Open gmftbyGMFTBY opened 1 year ago

gmftbyGMFTBY commented 1 year ago

Hello, thank you for your wonderful work!

After carefully analyzing the token-level unlikelihood training loss, I think the batch-version unlikelihood training loss is different from the one defined in the paper.

In your paper, the negative candidates should be the context of the current token: unlikelyhood

But in your code, I notice that you simply flat all the tokens in a batch (may consist of N samples): https://github.com/facebookresearch/unlikelihood_training/blob/main/custom/candidate_penalty_ce_loss.py#L55

If the batch size if 1, the code is consistent with the definition in the paper. But if the batch size is larger than 1, the negative candidate of the sample, for example, the sample i>0, its negative candidates not only contains the previous tokens in sample i but also contains all the tokens in previous samples j<=i. Thus, in this case, the negative candidates are much larger.
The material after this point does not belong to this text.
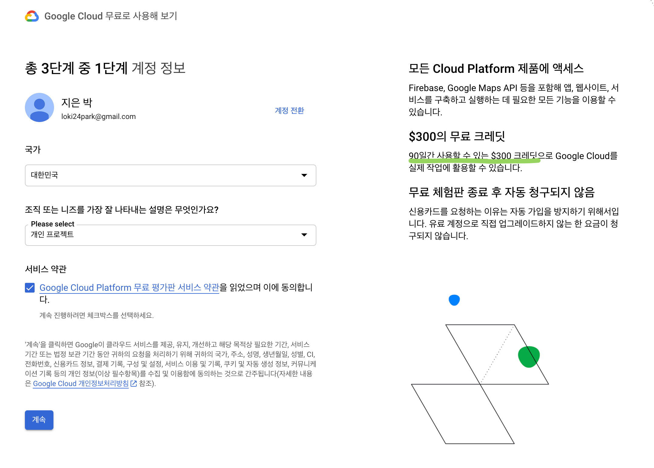 결제 정보를 등록해야합니다. 유료 계정으로 직접 업그레이드 하지 않는 이상 요금이 청구되지 않는다고 하지만 조심하면 좋죠~
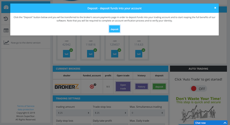 Once you have finished the registration process, you will be redirected to Bitcoin Superstar trading dashboard where you can manage your trading settings and account. Whenever you feel ready to start trading, click on the deposit button and you will be transferred to the broker’s deposit page. Bitcoin Superstar has a minimum deposit requirement of $250.

Am I right? Looking forward to your response.

Sincerely.

Tian Lan

ashutoshbsathe commented 1 year ago

This observation is correct. The model is using a lot more negative tokens than it should be. Fixing the issue to only include negative candidates from the ith sample gives fairly modest improvements in my experience. I tried using (token level) unlikelihood objective on sequence length 256 on WikiText-103 with batch size 256 for 40k steps. To study text quality, I sample a prefix of length 32 from the test set and then generate the continuation with up to 128 tokens.

Model ppl ($\downarrow$) seq-rep-4 ($\downarrow$) uniq ($\uparrow$) mauve ($\uparrow$)
MLE 18.87 0.554 11.5k 0.956
UL (repo) 19.76 0.216 15.4k 0.988
UL (corrected) 19.35 0.406 13.7k 0.961
Human (from paper) - 0.005 18.9k 1.000

Interestingly, using a lesser number of negatives resulted in perplexity better than the repo version. The paper doesn't really go in-depth on perplexity either so I'm not sure which method (repo or corrected) is better. I think it is still worth using the objective but the gains in generation quality may not be as high as you might expect.